IN A MATTER of seconds, I’m at the building, and Scotty is standing outside, his flashlight illuminating a white plastic trash bag outside of a locked wooden door, painted green. Oak trees are nearby and overhead, and there’s a dirt path leading back to where we were. Unlike the other buildings we’ve been searching, this one is worn, with a sagging roof. It’s one story and there are small windows set up near the roofline.
I turn, and Connie Westbrook has managed to keep up with me.
I flash my light over at the building. “What’s in here?”
“Nothing,” she says.
Scotty says, “Over here, boss.”
I check the torn top of the white trash bag. Inside are crumpled fast-food bags, McDonald’s and Burger King, and I nudge the top, where there’s a couple of crumpled white gauze bandages, stained brown with old blood. There’s also bits of string—used sutures?—and cotton swabs.
Back to Connie I say, “Care to change your mind?”
She folds her arms, says not a word.
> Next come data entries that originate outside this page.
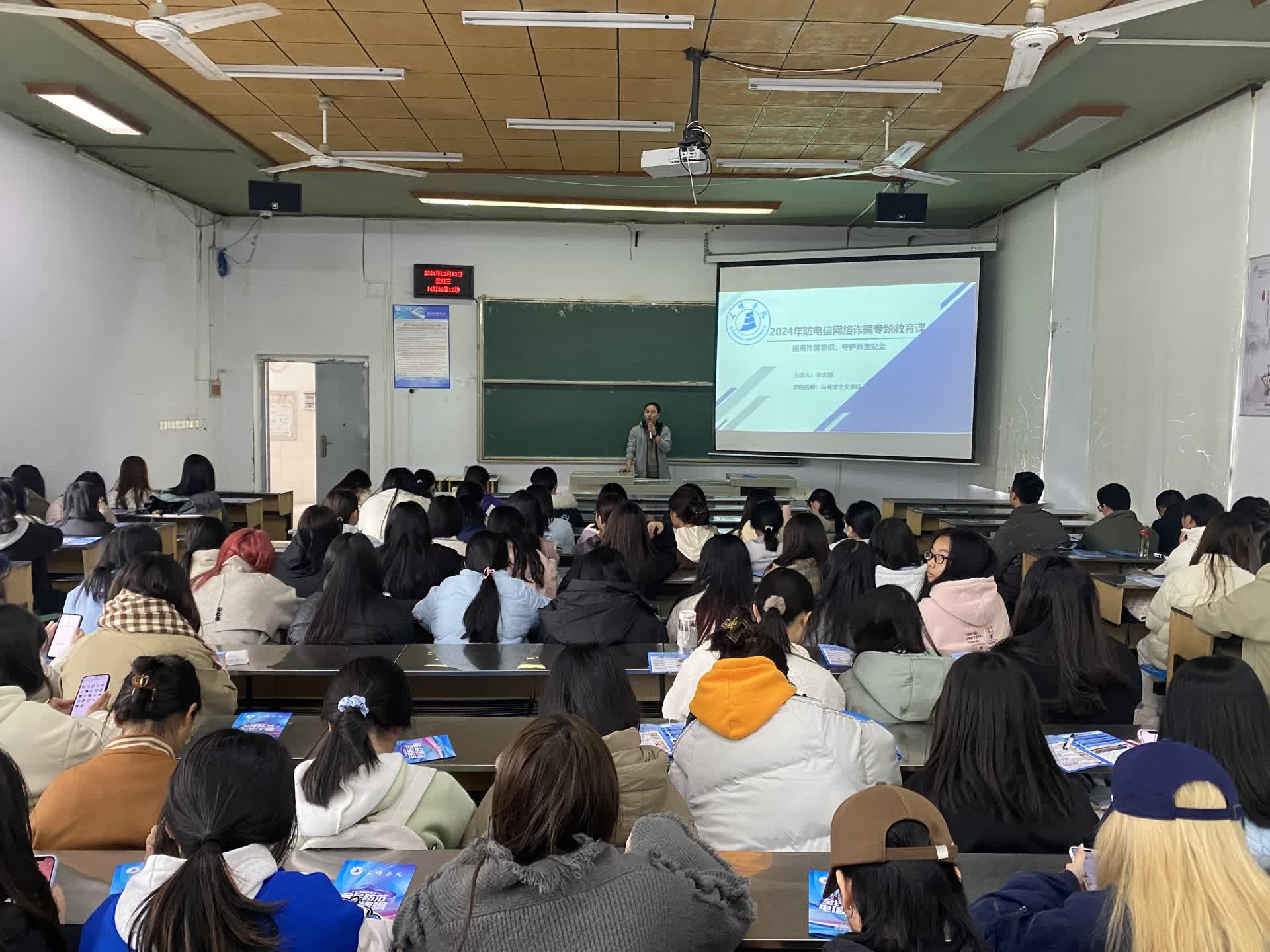 为增强学生对电信网络诈骗的认识,提高学生的安全意识,建设平安校园,马克思主义学院于3月13日下午在明德楼(二)407教室开展“预防电信网络诈骗”主题活动。此次活动由马克思主义学院学生科负责人李志刚主讲,学院全体学生参加。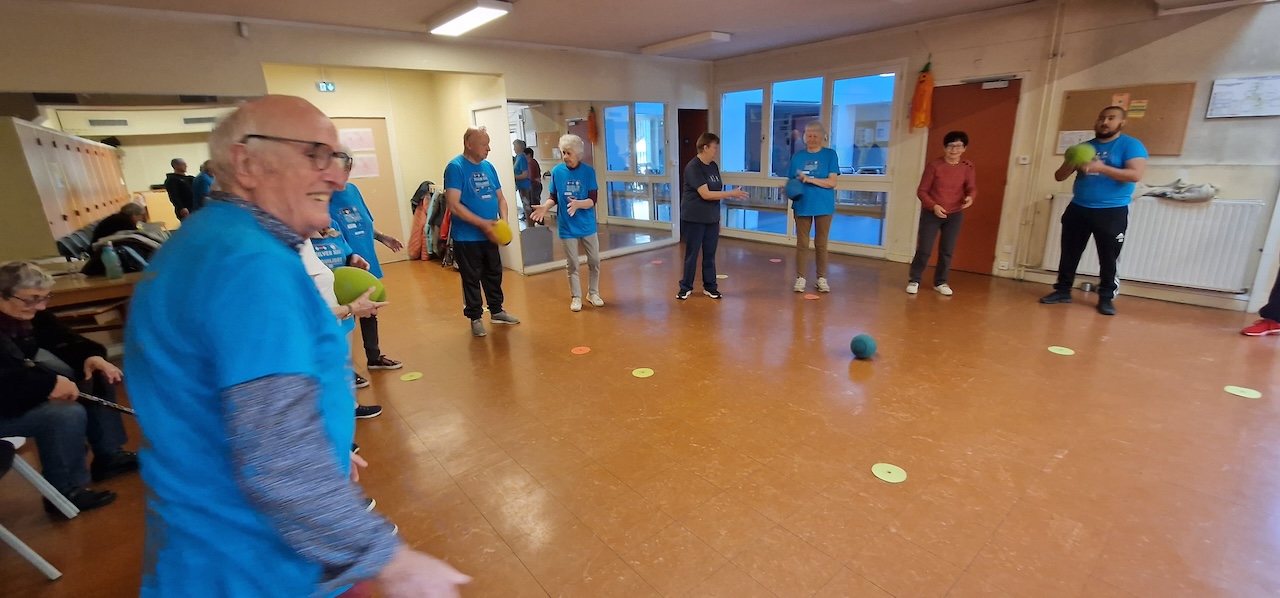 Hier matin c’était jour de reprise pour les ateliers Silver XIII Équilibre au Centre social de Champvert de Lyon après 2 semaines de trêve liée aux vacances de Toussaint. Vous étiez 16 seniors pour cette reprise sous la conduite de Rayan et Sébastien du Comité du Rhône de Rugby à XIII.
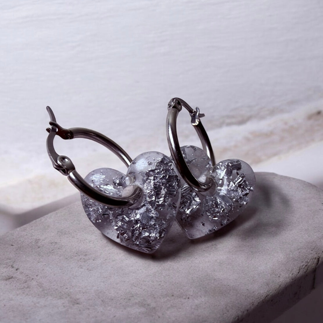 Dazzle your ears with the Silver Flake Hoops! These beauties feature resin hearts sprinkled with silver flakes, dangling from shiny silver-plated hoops. Perfect for adding a pop of glam to your outfit—because who doesn’t want to sparkle like a disco ball? (Just remember, no dancing on tables… yet!)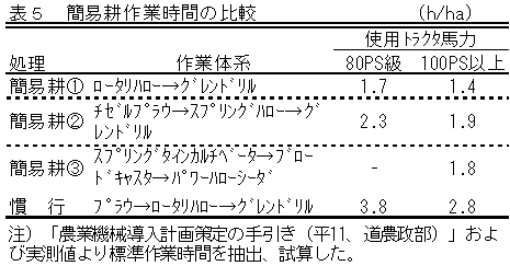 3)秋まき小麦播種前にプラウ耕を省略する場合、ばれいしょ跡はロータリハローやスプリングタインカルチベータ2回がけ、チゼルプラウなどにより残渣処理ができた(表4)。しかし、菜豆は残渣量が多く、ピックアップスレッシャ収穫後の簡易耕は困難で、カッティングスプレッダを装着したコンバインで収穫し、ディスクハロー2回またはチゼルプラウ2回処理することで残渣処理ができた。80PS級トラクタおよびグレンドリルを使用する簡易耕作業体系では、作業時間が1.7h/haであり、慣行のプラウ耕作業体系に比べ、2.1時間短縮できた。100PS以上のトラクタ体系でグレンドリルを用いた簡易耕作業体系は慣行に比べ1.4時間、パワーハローシーダでは1時間短縮できた(表5)。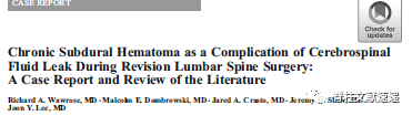 1.WawroseRichardA,DombrowskiMalcolmE,CrastoJaredAetal.ChronicSubduralHematomaasaComplicationofCerebrospinalFluidLeakDuringRevisionLumbarSpineSurgery:ACaseReportandReviewoftheLiterature.[J].HSSJ,2020,16:482-484.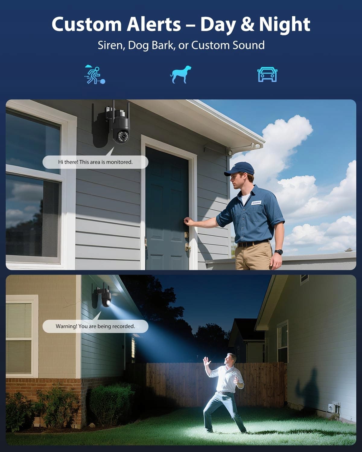 4️⃣ Aktywne odstraszanie: czerwono-niebieskie światło alarmowe i syrena Jasne czerwono-niebieskie błyskające światła w połączeniu z głośną syreną natychmiast odstraszają intruzów – dla większego bezpieczeństwa wokół domu, ogrodu lub garażu.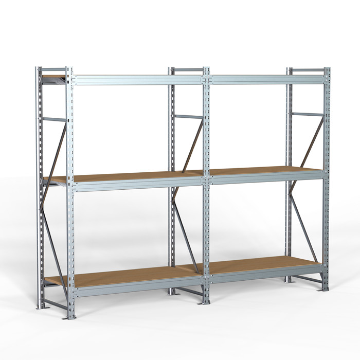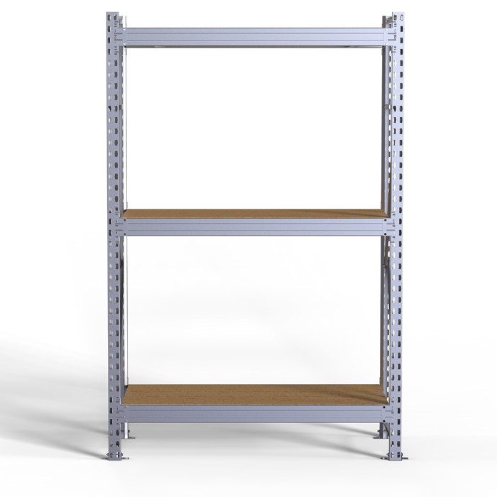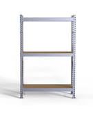 • Среднегрузовой стеллаж SGR-V-Zn-ДСП состоит из рам (сборная конструкция из двух оцинкованных стоек, соединенных горизонтальными и наклонными стяжками), продольных балок с креплением к стойкам на зацепах и настилов из ДСП, размещенных на продольных балках • Технология крепления балки к стойкам - безболтовая, на зацепах. Такой подход значительно уменьшает время сборки и установки стеллажа. Конструкция позволяет менять положение полок без демонтажа всей секции. • Ярус хранения включает в себя две продольные балки, соединенные между собой поперечными балками и настил из ДСП. • К раме стеллажа можно присоединить дополнительные секции на зацеп. Нагрузочные характеристики при добавлении доп.секций сохраняются • Допустимое минимальное количество ярусов хранения на каждую секцию - не менее трёх штук. • Для предотвращения случайного съёма балок яруса с рам предусмотрен фиксатор, устанавливаемый в конце сборки в прямоугольное отверстие каждого зацепа. • Каждая стойка снабжена металлическим подпятником на болтовом креплении. • Стеллаж комплектуется необходимой фурнитурой для сборки. • Стойки окрашены полимерной (порошковой) краской RAL 5015 синего цвета или RAL7035 светло-серого цвета, балки окрашены в RAL7035 светло-серого цвета.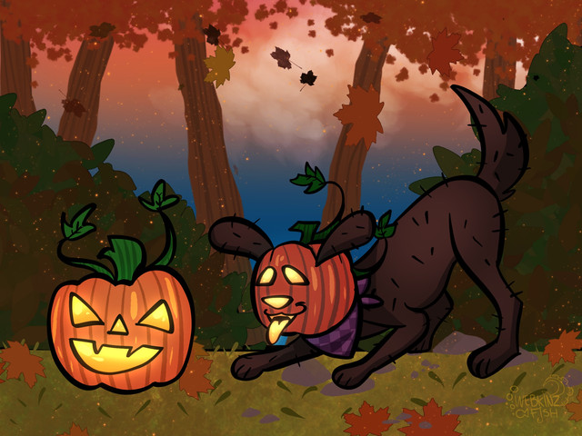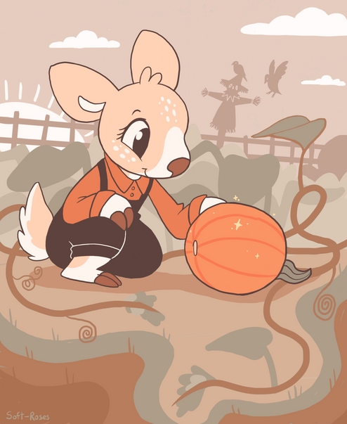#anthro #cartoon #cervine #costume #crows #deer #halloween #moon #night #oc #patch #pumpkin #pumpkins #scarecrow #scenery #toony #original_character #art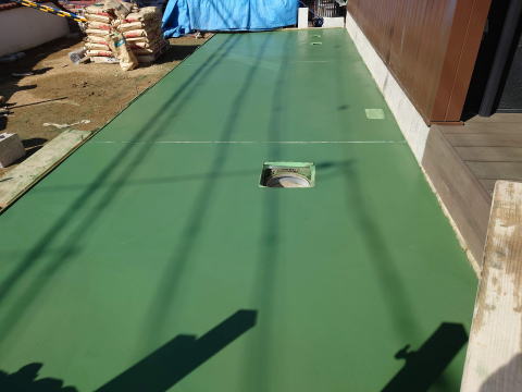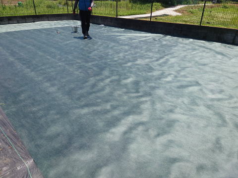 土を均してその上に防草ソートを貼って人工芝を施工。緑が綺麗で近年人気がある外構仕上。なんといっても人工芝の質が格段に上がりましたね。原産地は主に中国、ベトナム。国産もありますが、価格は倍になります。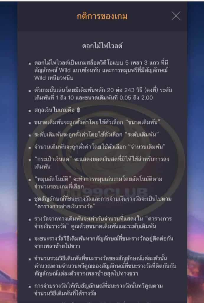 กฏกติกาเกม Wild Fireworks

Pamela and Tanya appear, breathing hard, running from wherever they’ve been. Scotty doesn’t say anything, just illuminates the open plastic bag with the used bandages.
Pamela turns and says, “Who’s this?”
“The farm’s owner.”
Pamela’s on her, both strong hands on her robe, and she yells, “Is she in there? Is she in there, you old bat?”
Tanya pulls her off and the woman nearly falls, but she’s still there, not backing away, eyes filled with hate, staring at us. Scotty says, “I might be hearing things, boss, but I thought I heard a voice from inside.”
I step up to Mrs. Westbrook. “The key. Get the key to that door right now.”
She says, “Go to hell,” in a grandmotherly tone of voice, if one’s grandmother had once been a prison matron.
I turn. “Scotty. Get that door open. I don’t care what you do…get the damn thing open. And where the hell is Brian Zahn?”
Tanya says, “No idea.”
“Hold on, boss,” Scotty says, and he races to a near barn, smaller than the one I was exploring, and comes back in under a minute. There’s the sound of honking horns out by the parking area, with a few whoop-whoops of sirens, and the hum of power generators—I wish I had one right now, turning this predawn slice of Virginia farmland into noon—but there’s no time, and Scotty is back, carrying a sledgehammer at port arms, as if it were a Colt M4.
He goes right up to the door with no hesitation, and with one hard blow, the solid doorknob flies off. Scotty drops the sledgehammer, takes out his service weapon—as do the rest of us—and with pistols and flashlights in hand, we move forward.
Scotty elbows the door open, yells, “Freeze! Secret Service!”
And I’m right behind him, and the first thing I see is the anguished and scared face of a woman.